WORK TO BE COMPLETED: Copy verbatim the span of lines beginning at the line that contains "昨天,总书记以给北京师范大学" and ending with the final line of the data. Exclude pictures from the copy.

GIVEN INFORMATION:
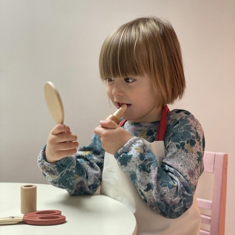 Στην υφασμάτινη θήκη περιλαμβάνονται τα πάντα: βούρτσα μαλλιών, κραγιόν, ψαλίδι, καθρέφτης, πιστολάκι μαλλιών και άρωμα. 3 ετών +
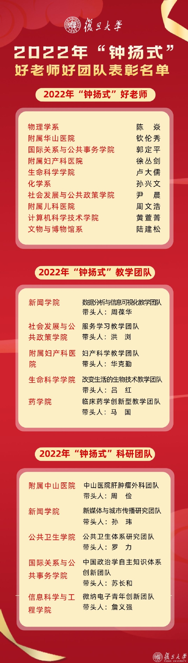 昨天,总书记以给北京师范大学“优师计划”师范生回信的方式,对教师队伍再次提出成为党和人民满意的“四有”好老师的期望和要求。过去一年来,在学校党委领导下,全校广大教职工深入学习贯彻习近平新时代中国特色社会主义思想,坚定心中所信、矢志拼搏奋斗,团结一心落实立德树人根本任务,守牢校园疫情防线,推动“双一流”建设提质增效,全面推进“第一个复旦”建设,展现了踔厉奋发的昂扬斗志和精神风貌。这一年,复旦教师坚持立德树人,用言传身教铸魂育人,吴晓明教授荣获全国高校教师杰出教学奖,葛均波院士领衔的“中山医院心内科教师团队”入选第二批“全国高校黄大年式教师团队”,陈思和教授荣获“全国教材建设先进个人”……一系列荣誉背后,离不开复旦教师几十年如一日的坚守与付出。这一年,复旦教师团结一心共抗疫情,用坚守诠释责任担当,勇攀科技高峰,用创新创造服务国家社会,扎根中国大地,用实际行动书写山海深情。
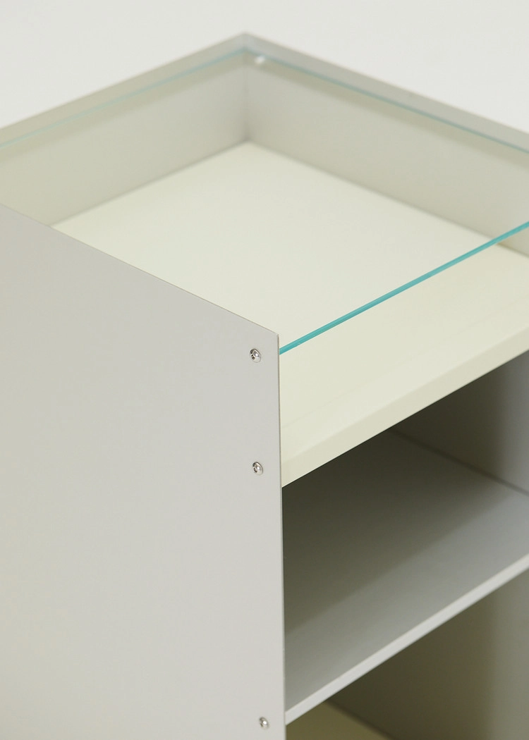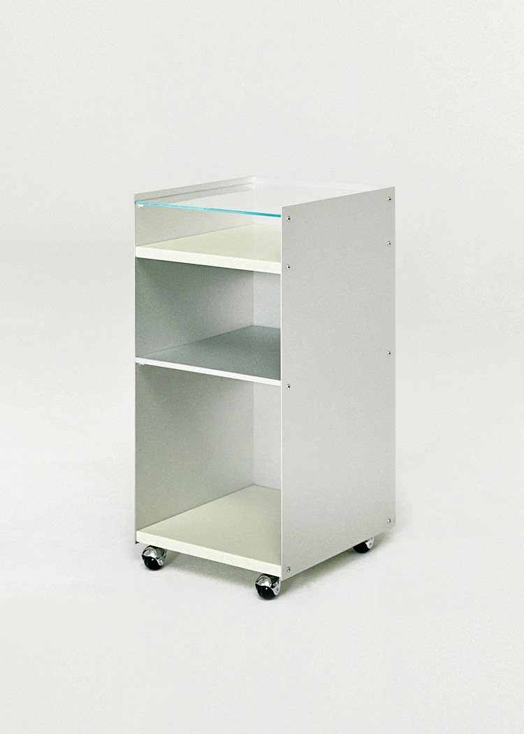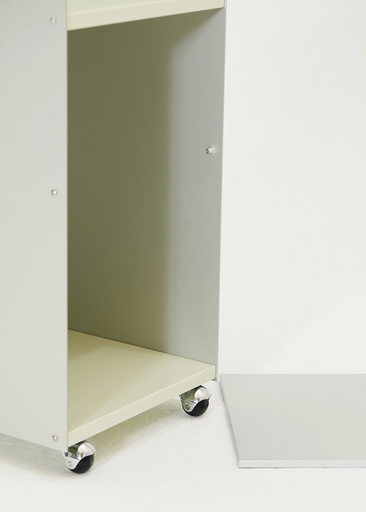 상단 클리어유리 선반엔 자주 사용하는 물품들을 올려둘 수 있고, 쉽게 떨어지지 않도록 턱이 있습니다. 바로 아래의 수납 공간에는 마음에 드는 책이나 작은 물품 등 을 디스플레이 할 수 있습니다. 중간 알류미늄 트레이는 자유롭게 뺏다 꼈다 할 수 있어 부피가 있는 물품을 효율적으로 정리, 보관할 수 있도록 설계되었으며 바퀴가 있어 이동이 용이합니다. 오피스나 서재 또는 주방에서 특히 쓰임이 좋은 제품입니다.

RESULT FOR THIS EXERCISE:
 昨天,总书记以给北京师范大学“优师计划”师范生回信的方式,对教师队伍再次提出成为党和人民满意的“四有”好老师的期望和要求。过去一年来,在学校党委领导下,全校广大教职工深入学习贯彻习近平新时代中国特色社会主义思想,坚定心中所信、矢志拼搏奋斗,团结一心落实立德树人根本任务,守牢校园疫情防线,推动“双一流”建设提质增效,全面推进“第一个复旦”建设,展现了踔厉奋发的昂扬斗志和精神风貌。这一年,复旦教师坚持立德树人,用言传身教铸魂育人,吴晓明教授荣获全国高校教师杰出教学奖,葛均波院士领衔的“中山医院心内科教师团队”入选第二批“全国高校黄大年式教师团队”,陈思和教授荣获“全国教材建设先进个人”……一系列荣誉背后,离不开复旦教师几十年如一日的坚守与付出。这一年,复旦教师团结一心共抗疫情,用坚守诠释责任担当,勇攀科技高峰,用创新创造服务国家社会,扎根中国大地,用实际行动书写山海深情。
 상단 클리어유리 선반엔 자주 사용하는 물품들을 올려둘 수 있고, 쉽게 떨어지지 않도록 턱이 있습니다. 바로 아래의 수납 공간에는 마음에 드는 책이나 작은 물품 등 을 디스플레이 할 수 있습니다. 중간 알류미늄 트레이는 자유롭게 뺏다 꼈다 할 수 있어 부피가 있는 물품을 효율적으로 정리, 보관할 수 있도록 설계되었으며 바퀴가 있어 이동이 용이합니다. 오피스나 서재 또는 주방에서 특히 쓰임이 좋은 제품입니다.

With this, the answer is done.